■ EXCERPTED DATA ■
Content starts

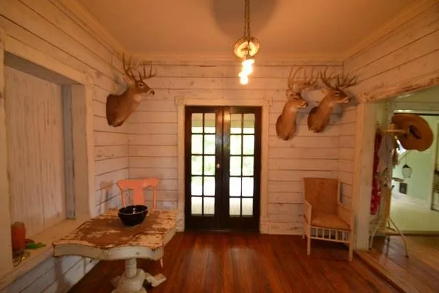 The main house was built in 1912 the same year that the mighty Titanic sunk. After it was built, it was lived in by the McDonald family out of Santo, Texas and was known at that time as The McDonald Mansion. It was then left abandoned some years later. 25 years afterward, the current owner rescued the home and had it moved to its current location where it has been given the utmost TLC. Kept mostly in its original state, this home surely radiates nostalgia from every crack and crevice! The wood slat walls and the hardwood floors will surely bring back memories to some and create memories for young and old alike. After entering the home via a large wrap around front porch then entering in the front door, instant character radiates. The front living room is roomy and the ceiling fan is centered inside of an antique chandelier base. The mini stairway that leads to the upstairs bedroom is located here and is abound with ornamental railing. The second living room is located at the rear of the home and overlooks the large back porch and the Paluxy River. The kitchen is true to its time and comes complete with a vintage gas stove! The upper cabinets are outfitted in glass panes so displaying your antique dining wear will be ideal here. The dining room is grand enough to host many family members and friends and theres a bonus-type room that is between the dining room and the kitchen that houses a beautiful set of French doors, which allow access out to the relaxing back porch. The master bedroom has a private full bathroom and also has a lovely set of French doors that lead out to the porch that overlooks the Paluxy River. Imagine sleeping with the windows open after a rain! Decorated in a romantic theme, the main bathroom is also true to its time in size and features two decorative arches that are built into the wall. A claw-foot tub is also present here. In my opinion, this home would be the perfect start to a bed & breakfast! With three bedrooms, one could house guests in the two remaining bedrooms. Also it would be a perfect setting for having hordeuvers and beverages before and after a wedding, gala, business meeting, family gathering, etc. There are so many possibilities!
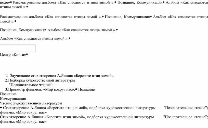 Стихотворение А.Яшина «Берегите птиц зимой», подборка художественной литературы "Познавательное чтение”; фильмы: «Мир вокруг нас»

Content ends
Content starts

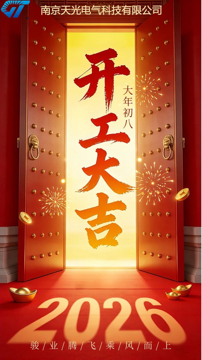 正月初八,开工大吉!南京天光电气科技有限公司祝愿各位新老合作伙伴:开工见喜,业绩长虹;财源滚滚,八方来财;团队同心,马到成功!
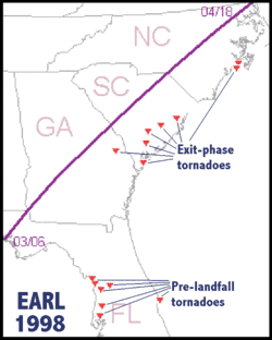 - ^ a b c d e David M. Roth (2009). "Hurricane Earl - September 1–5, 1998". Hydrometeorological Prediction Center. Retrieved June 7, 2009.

Content ends
Content starts

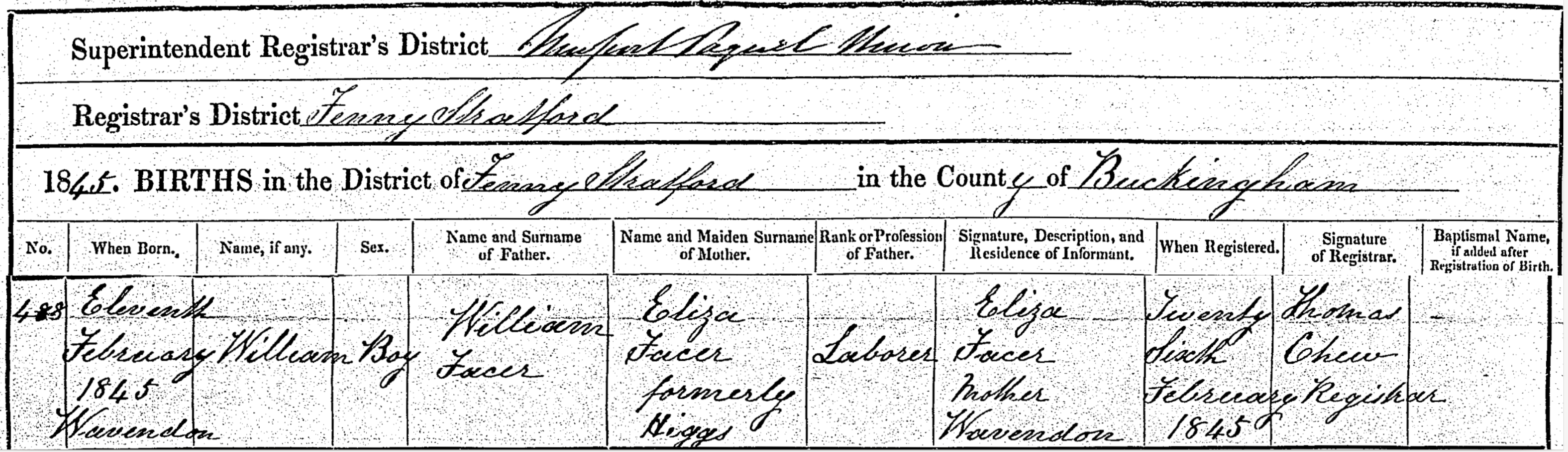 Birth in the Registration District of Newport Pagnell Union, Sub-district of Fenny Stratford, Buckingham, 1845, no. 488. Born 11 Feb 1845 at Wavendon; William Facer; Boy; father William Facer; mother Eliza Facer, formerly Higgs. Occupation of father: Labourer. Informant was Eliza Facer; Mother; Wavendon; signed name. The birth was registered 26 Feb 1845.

Content ends

Exact copy, pictures excluded: every line above from the one containing "正月初八,开工大吉!南京天光" to the one containing "- ^ a b c d e", inclusive, and nothing more.

 正月初八,开工大吉!南京天光电气科技有限公司祝愿各位新老合作伙伴:开工见喜,业绩长虹;财源滚滚,八方来财;团队同心,马到成功!
 - ^ a b c d e David M. Roth (2009). "Hurricane Earl - September 1–5, 1998". Hydrometeorological Prediction Center. Retrieved June 7, 2009.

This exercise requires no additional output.